As it turns out, everything Abe told Jake was true. In addition, the home exists in a frozen piece of time, one day in 1943, just before it was bombed by the Germans. Jake finds his way back to that time and meets not just Miss Peregrine herself, but all the kids Abe told him about, including girls with superhuman strength, teeth in the back of their head, power over plants, and one who spontaneously starts fires, a boy who speaks bees, and most fascinating to Jake, a gorgeous big-eyed waif named Emma (Ella Purnell) who controls air, and wears lead shoes to keep from floating away. As expected, there’s a threat beyond the bombs Miss Peregrine keep at bay: There are monsters who are sometimes in the form of humans, like Barron, played by Samuel L. Jackson, or are sometimes in the form of those noodle-limbed and razor-toothed creatures that killed Jake’s grandfather. These monsters eat eyes like they are cherries, and they are after all the peculiars and their caretakers.
Within this story, there are spectacular set-pieces that even taken alone are worthy of admission. Especially enjoyable to fantasy film geeks will be the one with a clear salute to Harryhausen’s skeletons of the SEVEN VOYAGES OF SINBAD. The plot moves quickly, and the audience is swept up in learning more about the children, the mysteries clearly lurking behind Miss Peregrine’s eyes, the direction the relationship between Jake and Emma takes, and whether all these kids will even survive the story. There are definitely elements reminiscent of HARRY POTTER, the X-MEN, and various other stories about outcasts with special powers, but the world of Miss Peregrine is just unique enough to attract those who appreciate fantasies of all kinds. The dazzling visual look of the film must be credited in part to the artistry of costume designer Colleen Atwood, cinematographer Bruno Delbonnel, and production designer Gavin Bocquet. MISS PEREGRINE’S HOME FOR PECULIAR CHILDREN has so much less freneticism than we’ve recently has come to expect from Burton, it almost feels like he constructed it in his own time-loop in which each 24 hours includes a screening of PAN’S LABYRINTH. As such, it is too dark and scary for all but the most fearless children under 8 years old.
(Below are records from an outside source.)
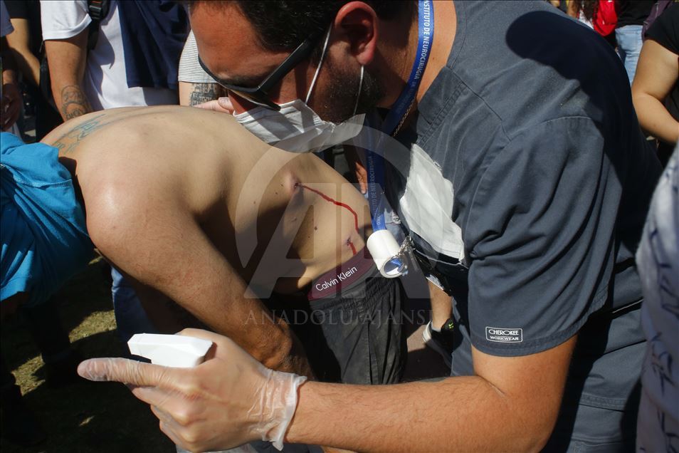 Şili'de metro ücretine yapılan zammın ardından başlayan ve geçen hafta şiddetlenerek 18 kişinin ölümüne neden protestolar sürüyor. Başkent Santiago'da binlerce kişi, İtalya Meydanı olarak bilinen Baquedano Meydanı'nda Devlet Başkanı Sebastian Pinera hükümeti karşıtı gösterilerini devam ediyor. Güvenlik güçlerinin gösteriye müdahale etmesi sonucu bir gösterici yaralandı. ( Sebastian Brogca - Anadolu Ajansı )Sebastian Brogca
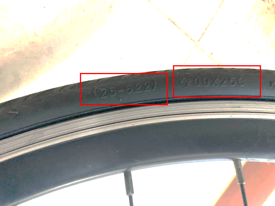 위 사진에서는 25-622이므로 25mm의 타이어 두께와 622mm의 타이어 안지름을 가진 타이어를 뜻합니다.
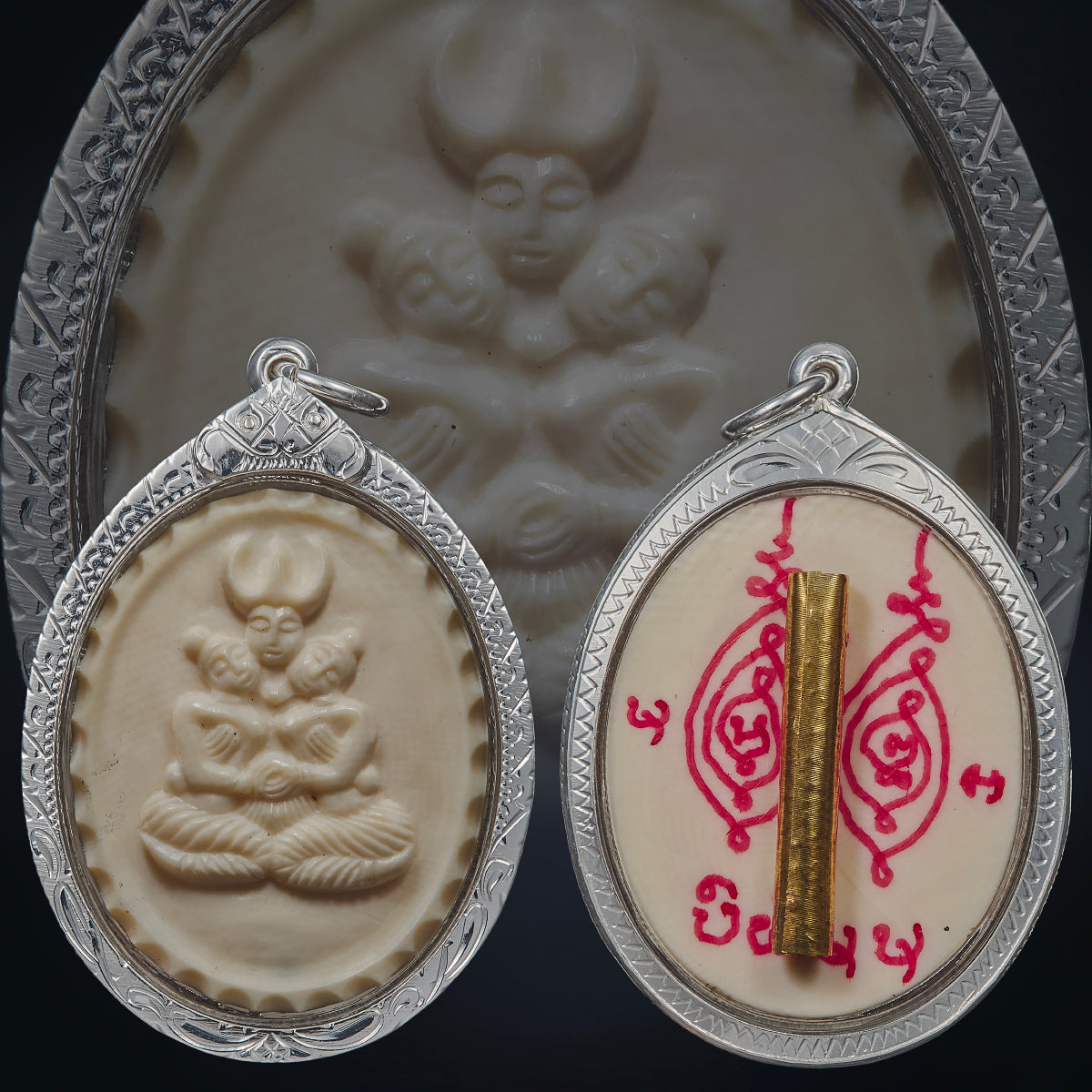 This piece, enhanced by the gold Takrut Maha Saneh, stands among the highest expressions of Arjan Satien’s wiccha—a living charm that bridges divine charisma and worldly success, revered by collectors and respected by those who feel its power firsthand.

The stand-out performances are Eva Green, who, until her spectacular turn in PENNY DREADFUL, has been woefully underrated as an actress, and Ella Purnell, who fits perfectly into Burtons’ version of the Hitchcock ice blonde: the doe-eyed power-waif. However, she also has a magnetism onscreen befitting the powerful character she plays. She shows a believable vulnerability that never dips into victimhood. As appropriate to 1943, she gamely keeps calm and carries on.
It’s likely a number of critics have grown permanently tired of Burton’s style as an auteur, and reviews of this movie might suffer unfairly as a result. Never mind. To many a discerning film fan, MISS PEREGRINE’S HOME FOR PECULIAR CHILDREN will represent a return to fine form for the director. Burton has found a great home for his peculiar talents, and his fans should welcome it, and Miss Peregrine, with open arms.